Development of a classification engine for foodDB
Diet is a major factor in many non-communicable diseases (NCDs), with poor diet a leading cause of premature death and ill health. foodDB is a unique big-data approach to monitoring, measuring and evaluating food systems and interventions, with a software and database platform collecting and processing data on over 125,000 products available to buy from eight UK supermarkets daily, and now spans 8 other countries, with 30 retailers in total. foodDB has been running since 2017 and contains a rich and complex dataset that allows for unprecedented granular analysis and is used in research such as an evaluation of the UK Soft Drinks Industry Levy, exploration of the use of price promotions on healthy compared to unhealthy products, and development of an algorithm to establish environmental indexing for food and drink products. Whilst products in foodDB are organised by the classification systems used by each specific retailer, these categories do not match up across different retailers, and do not map easily to categorisation systems used by researchers and policy makers. This heterogeneity causes difficulties in defining datasets for analysis and monitoring. The core aims of this project are to leverage the data within foodDB and machine learning techniques in order to develop an automated, generic method for classifying food and drink products into a small set of predefined categorisation systems, and to apply this method to the whole of the foodDB dataset. A supplementary component of the project, if time allows, is to develop and analyse an unsupervised categorisation system based on nutrition and environmental data, with no a priori knowledge. The output of this project will have significant impact on the research carried out and supported by foodDB and will be written up into a peer-reviewed research paper. The successful student can expect to work with a skilled, encouraging and friendly multidisciplinary group of researchers, software engineers and data scientists, applying cutting edge techniques to large datasets in a field that has real-world and immediate population health impact.

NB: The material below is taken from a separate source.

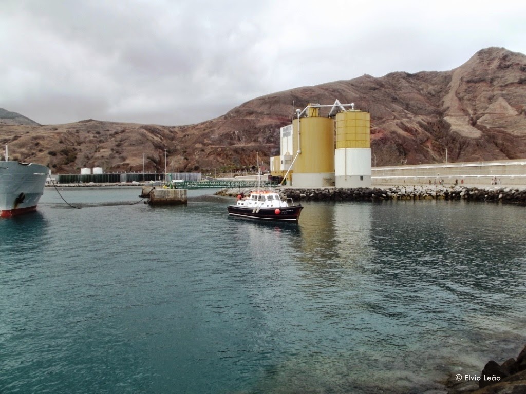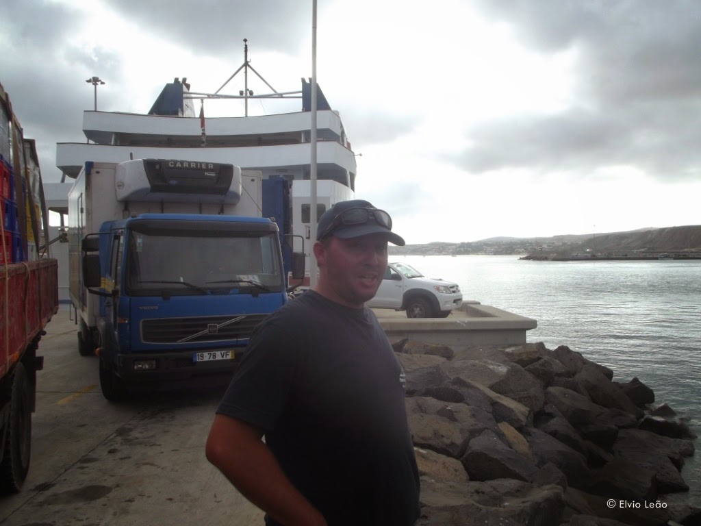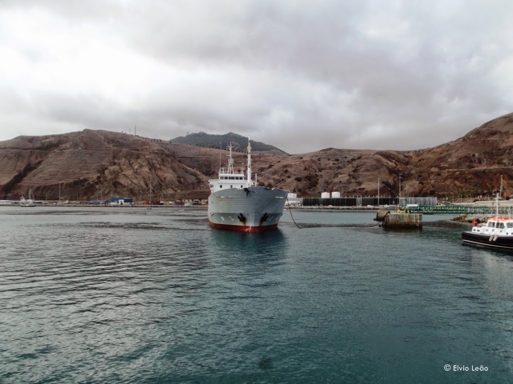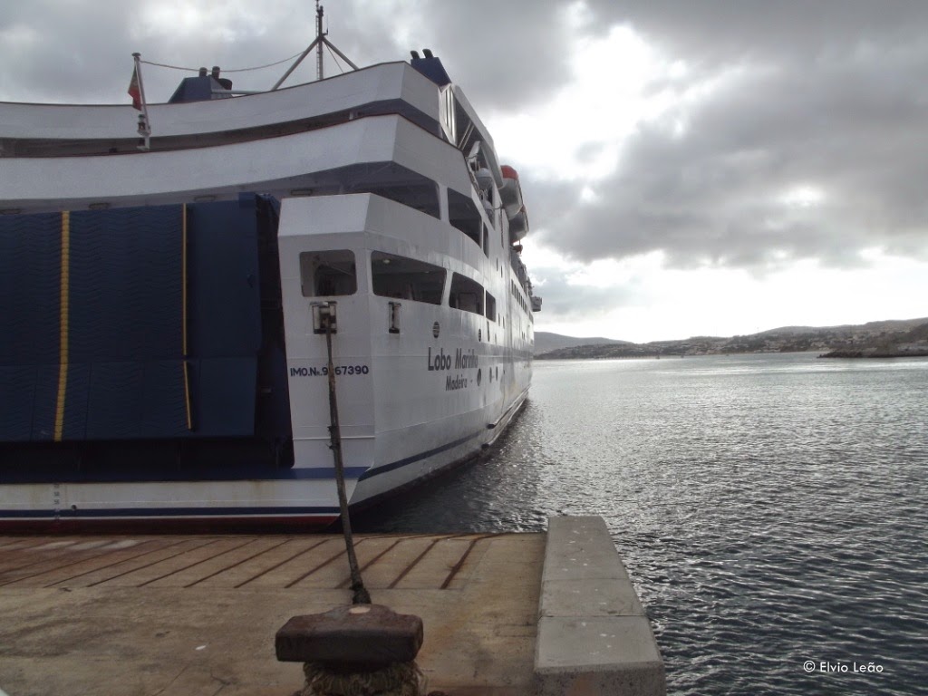 Alguns camiões aguardam hora de embarque no ferry para seguir para o Funchal, depois de terem feito chegar aos seus destinatarios as mercadorias que transportaram na viagem de manha desde o Funchal, o que demonstra bem a importancia das ligaçoes ferry no transporte de , não só passageiros , mas tambem mercadorias.

This is an exciting project, and we hope you’ll be interested in joining us to:
- Help to find the big answers to big questions in public health, tackling obesity, diabetes and other non-communicable diseases
- Use data science, big data, and cutting-edge technology in a real world setting to help people live healthier, happier lives
- Work in the fantastic Big Data Institute, the world’s largest health big data institute
- Conduct research at the intersection of technology, data, science, diet, nutrition and public health
- Be part of a fantastic, fun, interesting, multidisciplinary and growing team
- Learn, create, innovate and take responsibility for your research
Who we’re looking for
We’re looking for someone who enjoys creating, building and delivering digital solutions, is data-driven and knows how to manipulate data and solve problems creatively. If the challenge of making a difference to public health, building and using fantastic technology, digging into large datasets is of interest, we’d love you to submit an application. If you want further information, please contact Dr Richie Harrington at firstname.lastname@example.org .
The core component of this project is envisaged to take 10-12 weeks to complete.
This project would be most suited to someone adept at software programming in Python (equivalent R skills would also be considered), and with prior experience in basic machine learning techniques, particularly those involved in classification.